When you select a different cluster from the Region dropdown, not the cluster you are logged into, federated search coordination is used:

Step 1: Coordination setup
Your current cluster becomes the leader cluster.

Step 2: Query distribution
Leader cluster sends the query to the selected cluster via gRPC.

Step 3: Query processing
The selected cluster processes the query using its normal cluster query execution process.

Step 4: Result return
The selected cluster sends its results back to the leader cluster.

Step 5: Result presentation
The leader cluster displays the results.

Federated search for multiple clusters in a supercluster

When you select no cluster or multiple clusters from the Region dropdown, federated search extends the query across all selected clusters:

Step 1: Coordination setup
Your current cluster becomes the leader cluster. The leader cluster identifies all selected clusters, or all clusters if none selected, that contain data for the queried stream. These other clusters become worker clusters.

Step 2: Query distribution
The leader cluster sends the query to all worker clusters via gRPC. All clusters now have the same query to execute.

Step 3: Parallel processing
Each cluster processes the query using its normal cluster query execution process. The leader cluster searches its own data if it contains data for that stream. Worker clusters search their own data. All processing happens simultaneously.

Step 4: Result aggregation
Each cluster aggregates its own results internally using its leader querier and worker queriers. Worker clusters send their aggregated results to the leader cluster. The leader cluster merges all results from all clusters and returns the unified response.

Metadata synchronization

In a supercluster, clusters share configuration and schema information in real-time while keeping actual data separate. This synchronization happens via NATS, a messaging system that coordinates communication between clusters.
While stream schemas are synchronized across all clusters in real-time, the actual data for a stream only exists in the cluster or clusters where it was ingested.

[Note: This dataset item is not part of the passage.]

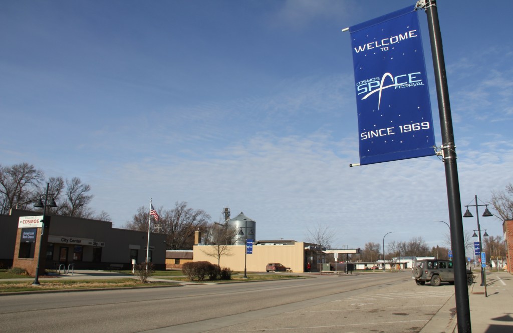Cosmos Space Festival banners hang throughout the downtown, shown here. (Minnesota Prairie Roots copyrighted photo November 2024)
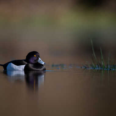 Fuligule Morillon mâle photographié dans une lumière rasante de fin de journée.

Synchronized across clusters NOT synchronized (stays local)
Schema definitions Log data
User-defined functions Metric data
Dashboards and folders Trace data
Alerts and notifications Raw ingested data
Scheduled tasks and reports Parquet files and WAL files
User and organization settings Search indices
System configurations
Job metadata
Enrichment metadata

This design maintains data residency compliance while enabling unified configuration management.

Limitations

No cluster identification in results: Query results do not indicate which cluster provided specific data. To identify the source, query each cluster individually.